Les personnes qui ne sont autorisées à résider que temporairement en Suisse n’ont plus la possibilité d’obtenir la nationalité. Désormais, cela n’est possible que pour les personnes titulaires d’un permis C, c’est-à-dire celles qui ont obtenu un permis d’établissement après un séjour de cinq ou dix ans.

Exigences d’intégration plus strictes

La nouvelle loi introduit également de nouveaux critères d’intégration. La naturalisation est exclue pour les personnes condamnées à une peine d’emprisonnement avec sursis de plus de trois mois.
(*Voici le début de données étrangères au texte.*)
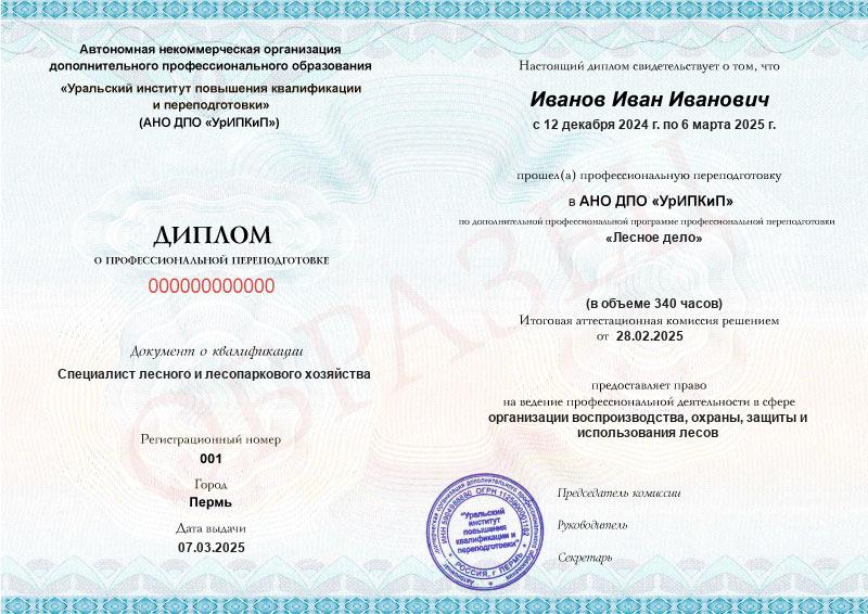 Выдается выдается выпускникам с любым базовым высшим или средним профессиональным образованием. Подтверждает вашу квалификацию специалиста лесного и лесопаркового хозяйства. Действует на всей территории РФ.

En matière linguistique, les candidats à la naturalisation devront démontrer leurs compétences non seulement à l’oral mais aussi à l’écrit.

Afflux de demandes en 2017

Selon l’édition en ligne de la « Basler Zeitung », rien qu’en ville de Zurich 6000 personnes ont entamé une démarche de naturalisation en 2017, soit plus du double de l’année précédente. Cela pourrait s’expliquer par le fait que le maire social-démocrate de la ville Corine Mauch a envoyé début mai 40 000 lettres à des citoyens étrangers, dans lesquelles elle leur a fait part des règlements plus difficiles à partir de 2018. Des effets se sont fait également sentir à Bâle, note le journal.

Une idée exportable ?

En Autriche, le quotidien Kronen Zeintung qui consacre un article au sujet se demande si fermer l’obtention de la nationalité aux bénéficiaires de l’aide sociale est exportable : « Une idée pour l’Autriche ? ».